Отношения Торрихоса с Народом всегда были симметричными и двусторонними, с постоянной обратной связью, в согласии с революционной теорией и практикой. Он был его частью, он был с ним в его команде, в одних рядах с ним, и эта его принадлежность к нему была усилена и подчёркнута его смертью и после его смерти. Бедный люд с каждым днём всё более понимает, что он является наследником, хранителем и защитником идей генерала в их же собственных классовых интересах, идей, которые должны крепнуть и привести к революционным изменениям.

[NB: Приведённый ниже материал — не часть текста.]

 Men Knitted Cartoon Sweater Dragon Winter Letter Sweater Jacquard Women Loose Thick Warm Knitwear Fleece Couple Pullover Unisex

Самое опасное, исходящее из стана его врагов, которые не в состоянии унизить генерала, это их стремление бальзамировать генерала, заморозить его идеи там, где их остановил его уход, так, чтобы они не развивались временем и не привели нас туда, где, как он говорил, он будет нас ждать, приветствуя своим воинским салютом. Когда меня спрашивали, является ли генерал марксистом, я отвечал: «Нет, он не марксист». И тут же добавлял, чуть понизив голос: «Ещё нет». Потому что его лучшим достоинством было ежедневно развиваться, обретать новые знания. И я думаю, что я и он вполне обладаем этими качествами.

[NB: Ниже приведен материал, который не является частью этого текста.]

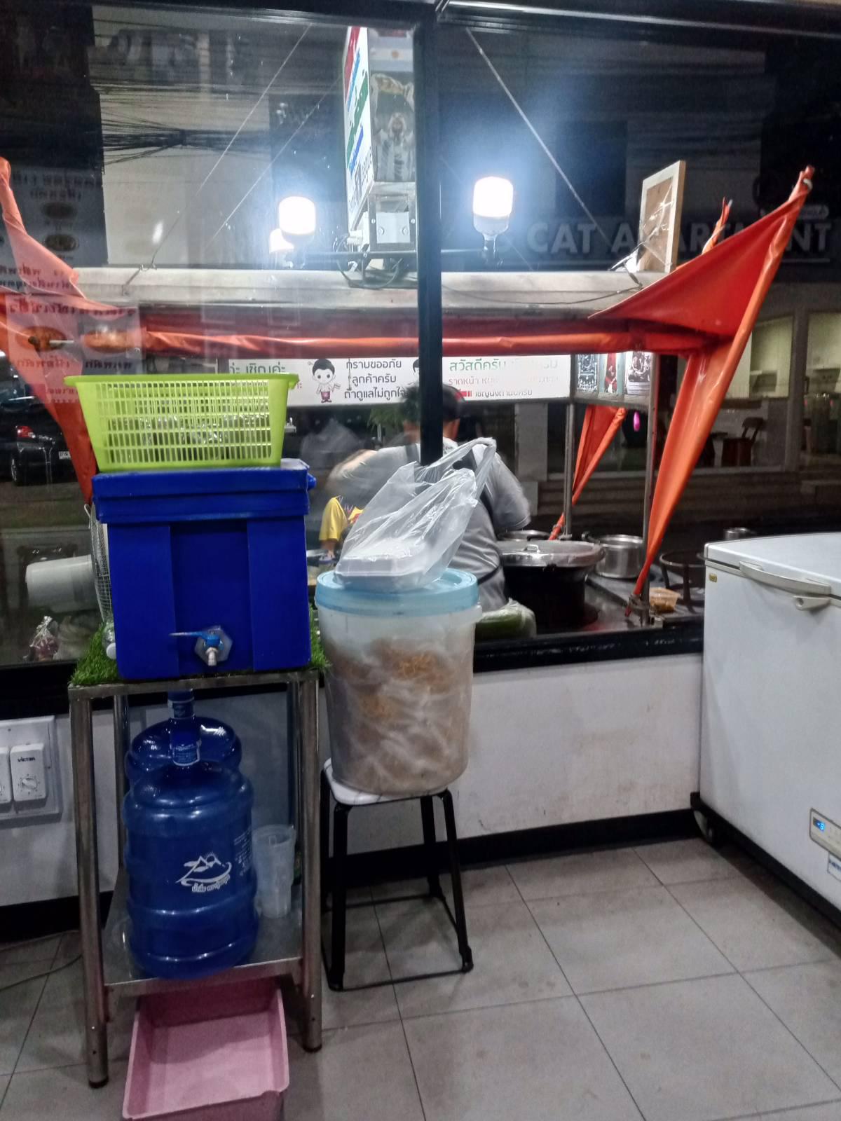 มองออกไปเฮียเจ้าของร้านกำลังผัดเมนูของผม กลิ่นหอมฟุ้ง

Глава 4. Совещание в Фаральоне

Когда он встречался с послами, министрами и другими посетителями для консультаций и просто бесед, он принимал их без вариантов всегда в своём гамаке. Он перенял эту привычку от индейских касике.

Но когда он встречался с теми же касике, он принимал их, сидя на стуле или в кресле. И не перед ними, а вместе, среди них, вокруг воображаемого круглого стола.

На одной из таких встреч три касике и сопровождавшие их индейцы, всего в составе 9-ти человек, вели переговоры с командой правительства в составе трёх министров с более многочисленной, чем индейская сторона, группой помощников. Но чувства неравенства сил не было. Потому что, если бы вдруг случился конфликт, не было сомнений в том, что генерал будет на стороне индейцев.

Это были индейцы куна из провинции Сан-Блас. Двое из них были переводчиками. А один касике якобы не понимал по-испански. На самом же деле он понимал его.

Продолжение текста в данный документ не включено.